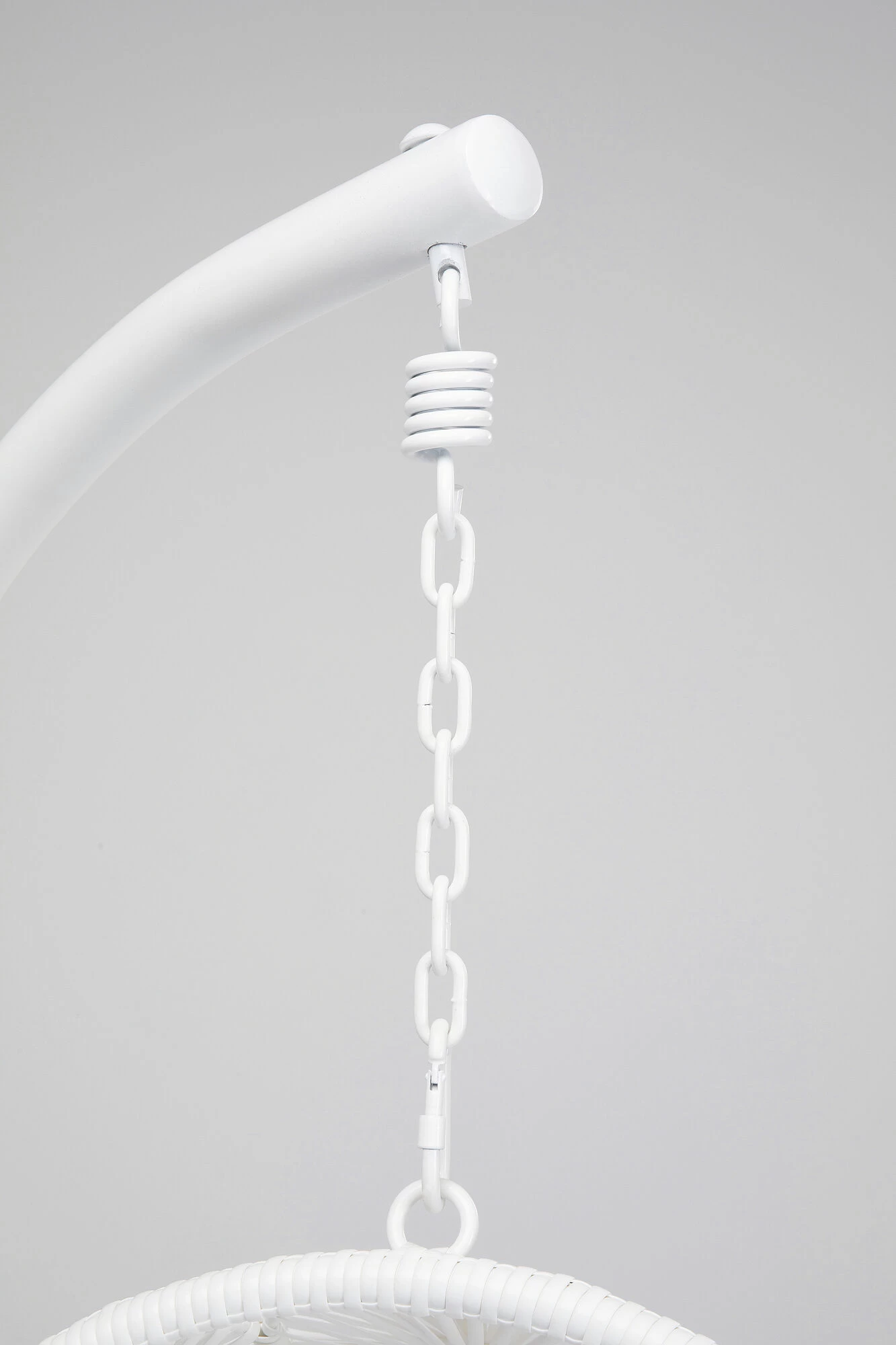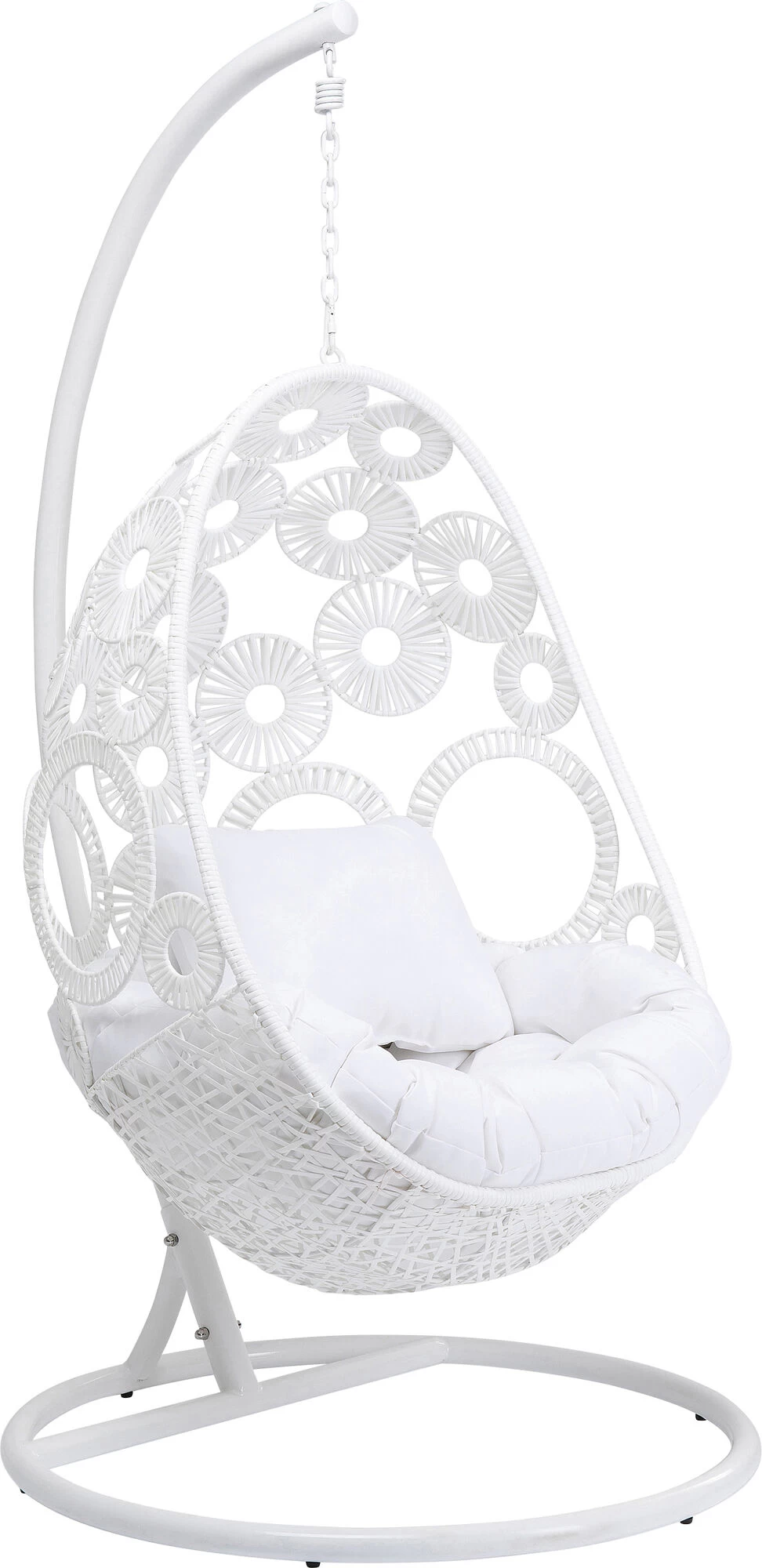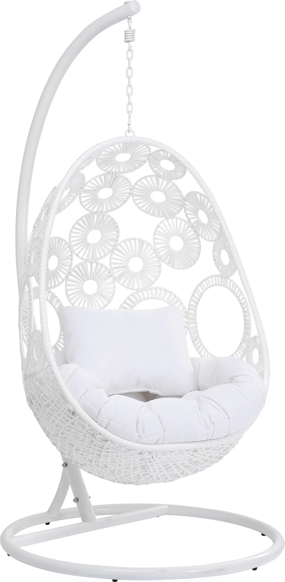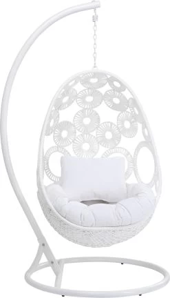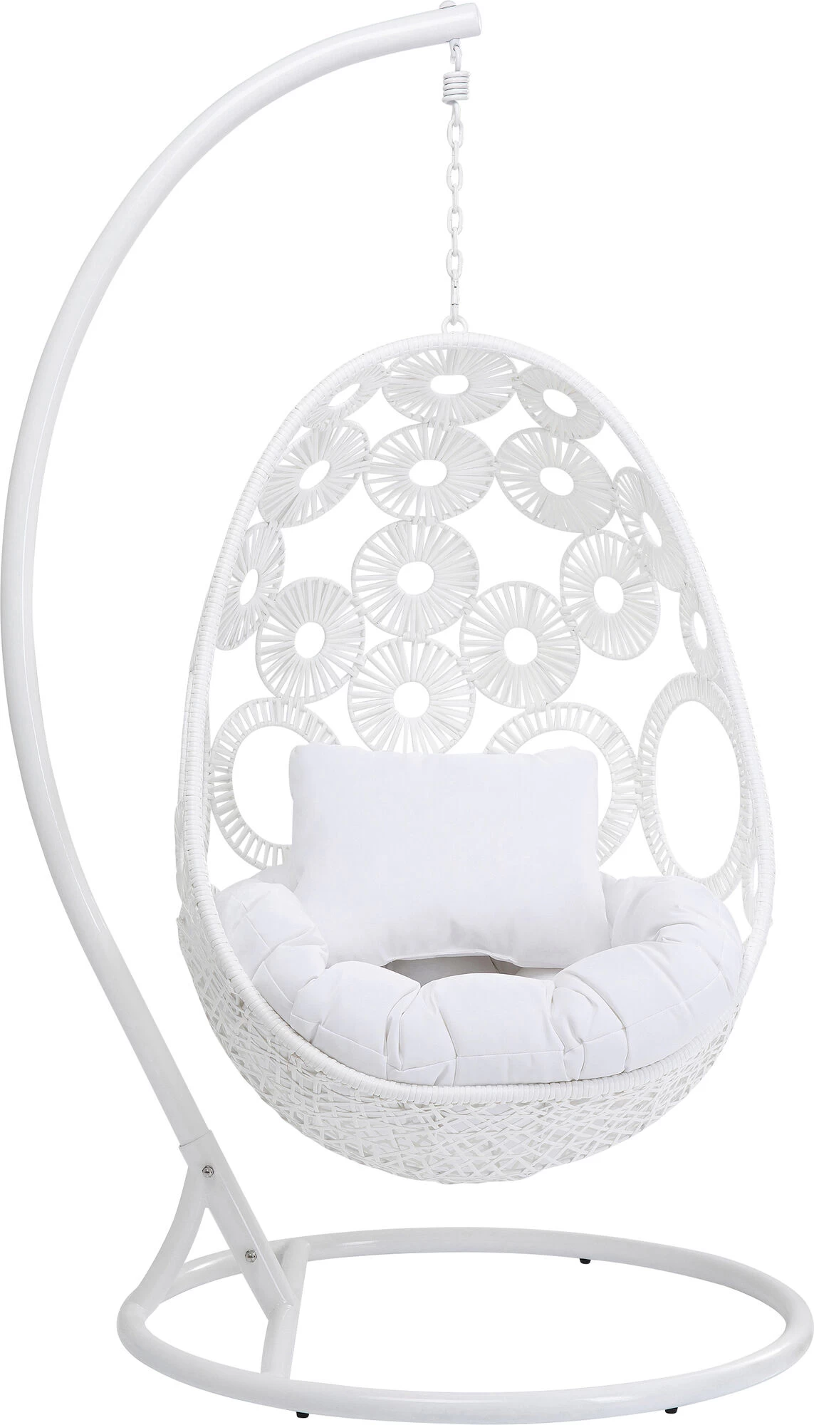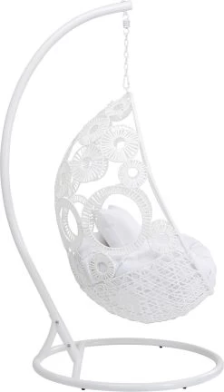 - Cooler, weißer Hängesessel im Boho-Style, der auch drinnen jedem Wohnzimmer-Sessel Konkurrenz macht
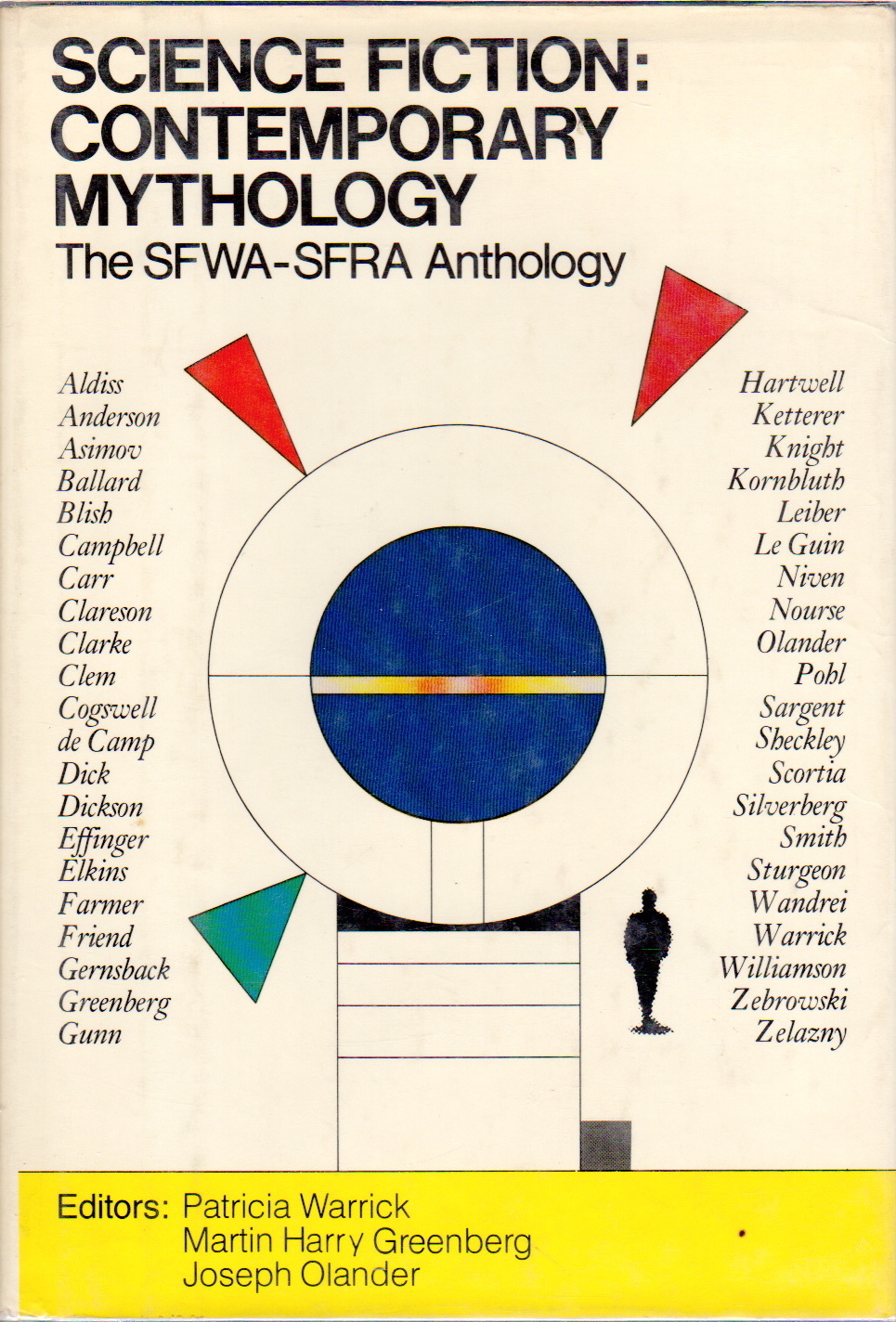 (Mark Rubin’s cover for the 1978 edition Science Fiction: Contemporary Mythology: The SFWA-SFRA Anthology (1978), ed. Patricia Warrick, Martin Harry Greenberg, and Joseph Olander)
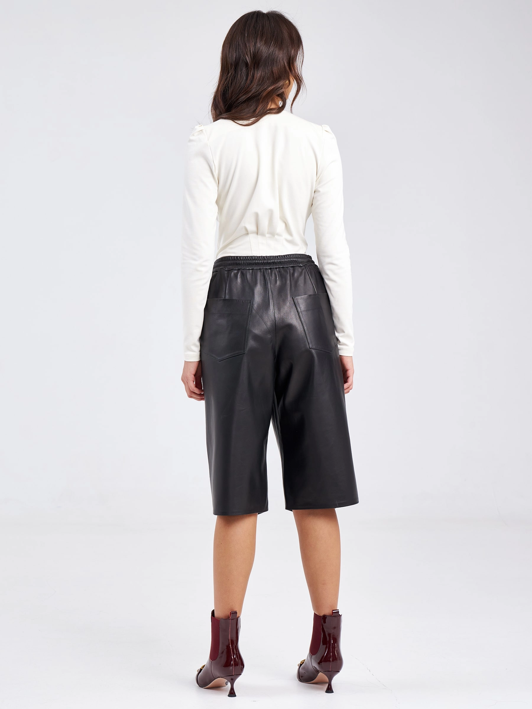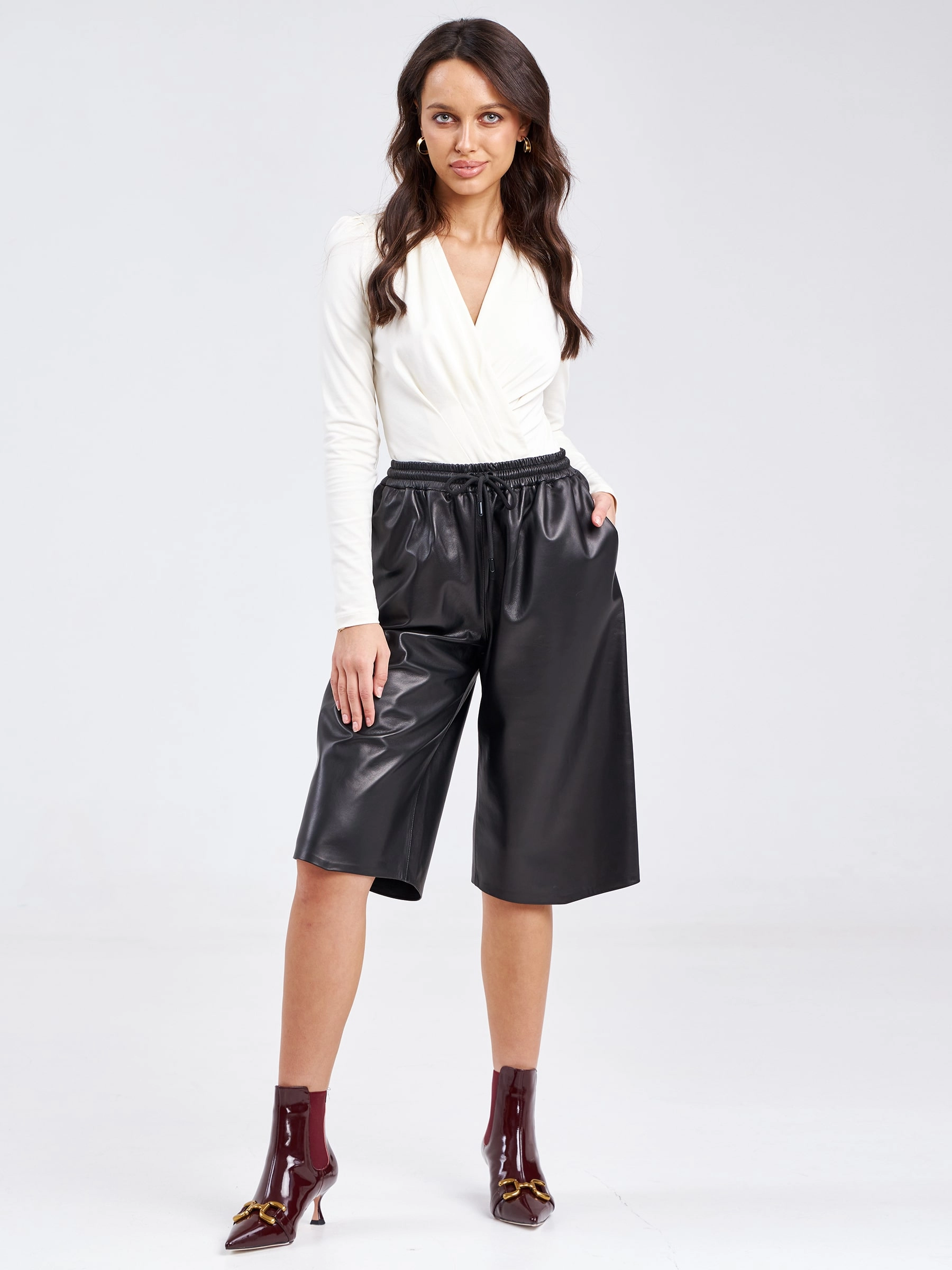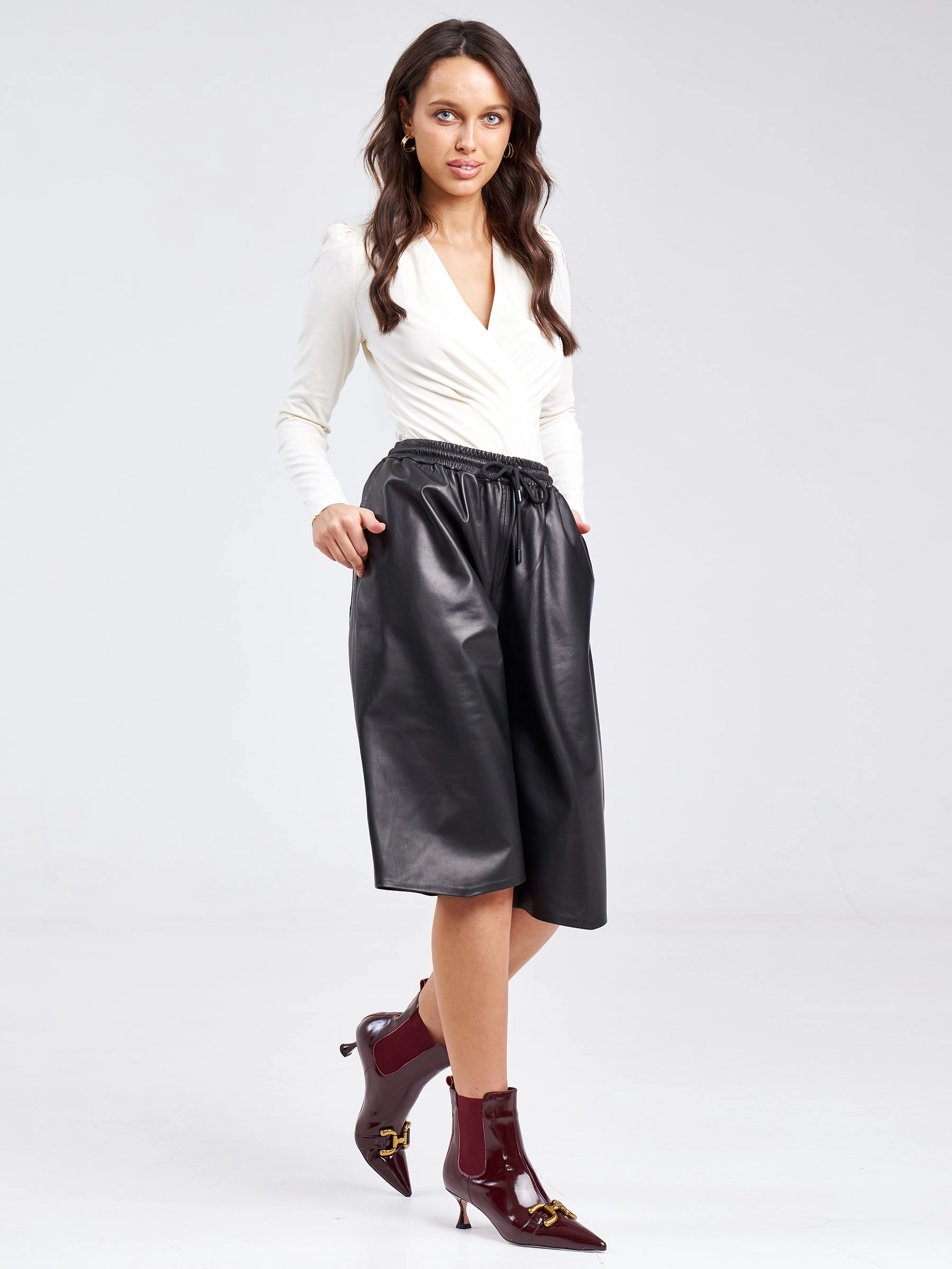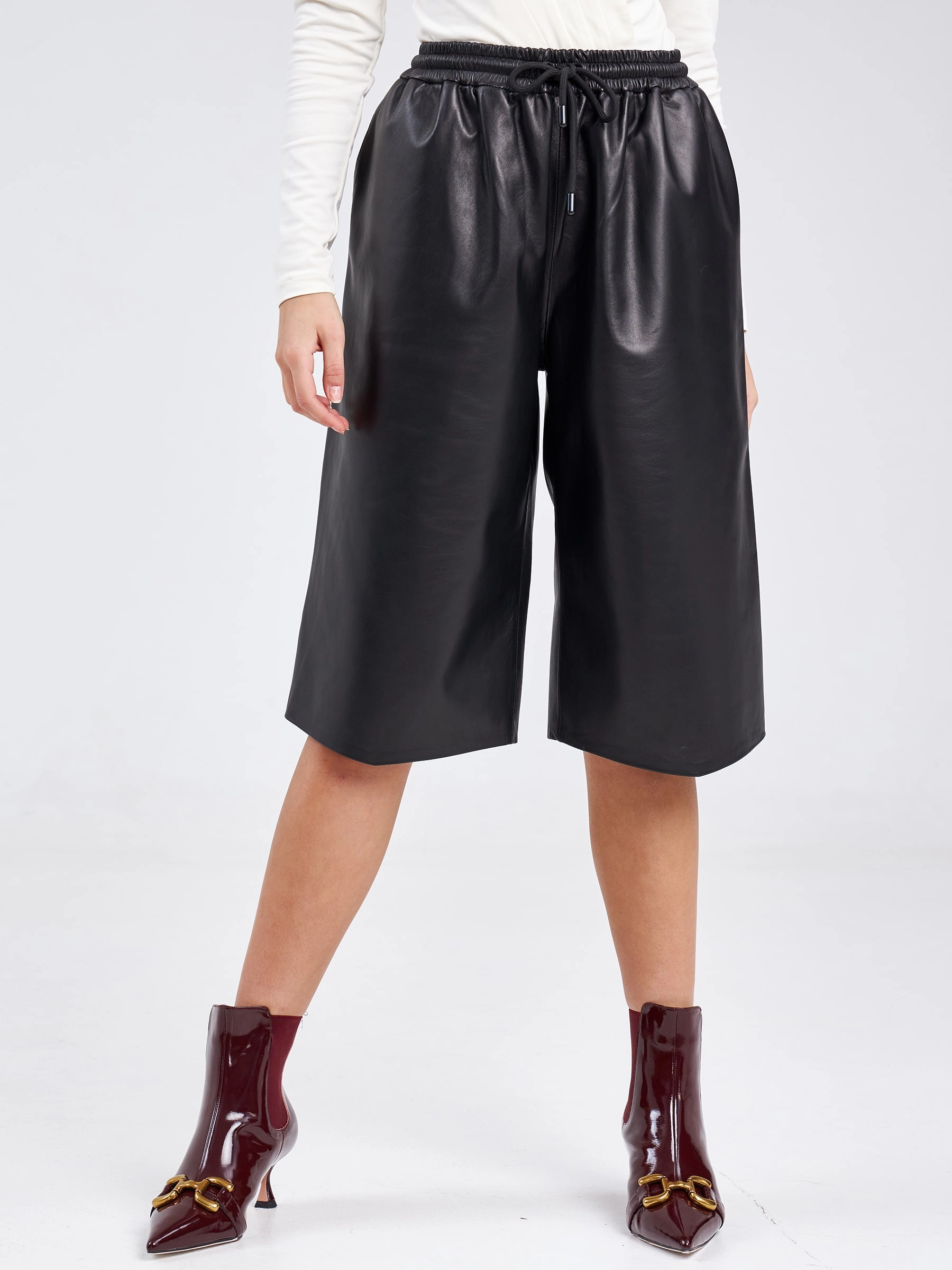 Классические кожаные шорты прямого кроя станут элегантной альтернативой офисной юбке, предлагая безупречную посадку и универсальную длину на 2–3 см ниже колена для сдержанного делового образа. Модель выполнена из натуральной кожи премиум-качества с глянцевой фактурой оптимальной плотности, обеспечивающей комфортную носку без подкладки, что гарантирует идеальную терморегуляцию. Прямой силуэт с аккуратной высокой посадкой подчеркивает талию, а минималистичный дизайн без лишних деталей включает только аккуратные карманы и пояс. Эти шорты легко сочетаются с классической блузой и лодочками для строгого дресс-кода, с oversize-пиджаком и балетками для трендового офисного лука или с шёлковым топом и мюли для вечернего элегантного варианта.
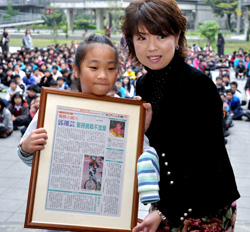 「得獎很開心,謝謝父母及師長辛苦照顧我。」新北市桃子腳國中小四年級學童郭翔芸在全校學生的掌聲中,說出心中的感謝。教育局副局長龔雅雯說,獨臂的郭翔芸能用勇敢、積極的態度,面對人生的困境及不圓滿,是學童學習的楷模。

|---|

# Exercise objective
Return only the lines from the start of the data through the line that contains "(Mark Rubin’s cover", please, copying them exactly and omitting all pictures.

# Exercise solution
 - Cooler, weißer Hängesessel im Boho-Style, der auch drinnen jedem Wohnzimmer-Sessel Konkurrenz macht
 (Mark Rubin’s cover for the 1978 edition Science Fiction: Contemporary Mythology: The SFWA-SFRA Anthology (1978), ed. Patricia Warrick, Martin Harry Greenberg, and Joseph Olander)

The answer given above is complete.